From the records below, extract only the lines running from the line with "Centralnym punktem salonu" to the line with "洗練された印象のテーラードジャケットとワイドパンツのセットアップ。", both lines included, reproducing them exactly.

- **Excerpted data**

────────────────────

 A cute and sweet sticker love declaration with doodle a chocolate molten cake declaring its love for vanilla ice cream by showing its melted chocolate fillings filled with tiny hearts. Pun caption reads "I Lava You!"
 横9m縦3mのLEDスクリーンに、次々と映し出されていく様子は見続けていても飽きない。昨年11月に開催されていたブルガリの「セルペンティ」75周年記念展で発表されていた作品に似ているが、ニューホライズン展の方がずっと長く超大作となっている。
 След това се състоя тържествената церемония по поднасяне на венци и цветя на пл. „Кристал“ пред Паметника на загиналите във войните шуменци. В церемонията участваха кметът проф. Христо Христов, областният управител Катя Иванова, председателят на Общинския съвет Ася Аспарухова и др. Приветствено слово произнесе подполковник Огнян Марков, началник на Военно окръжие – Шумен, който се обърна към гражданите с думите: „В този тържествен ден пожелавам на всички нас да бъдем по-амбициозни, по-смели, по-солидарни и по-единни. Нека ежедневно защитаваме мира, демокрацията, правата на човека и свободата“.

────────────────────

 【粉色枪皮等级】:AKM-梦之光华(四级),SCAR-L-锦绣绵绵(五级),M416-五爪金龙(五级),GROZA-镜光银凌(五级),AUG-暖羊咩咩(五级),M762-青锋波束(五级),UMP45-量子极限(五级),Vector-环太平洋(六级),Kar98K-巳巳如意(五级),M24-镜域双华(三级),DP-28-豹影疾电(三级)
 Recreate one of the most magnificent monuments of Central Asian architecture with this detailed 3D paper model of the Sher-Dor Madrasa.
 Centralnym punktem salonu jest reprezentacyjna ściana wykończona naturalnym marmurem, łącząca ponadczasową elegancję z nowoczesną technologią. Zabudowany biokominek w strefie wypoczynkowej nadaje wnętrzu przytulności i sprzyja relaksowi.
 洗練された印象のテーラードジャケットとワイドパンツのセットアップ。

────────────────────

- **Exercise output**
 Centralnym punktem salonu jest reprezentacyjna ściana wykończona naturalnym marmurem, łącząca ponadczasową elegancję z nowoczesną technologią. Zabudowany biokominek w strefie wypoczynkowej nadaje wnętrzu przytulności i sprzyja relaksowi.
 洗練された印象のテーラードジャケットとワイドパンツのセットアップ。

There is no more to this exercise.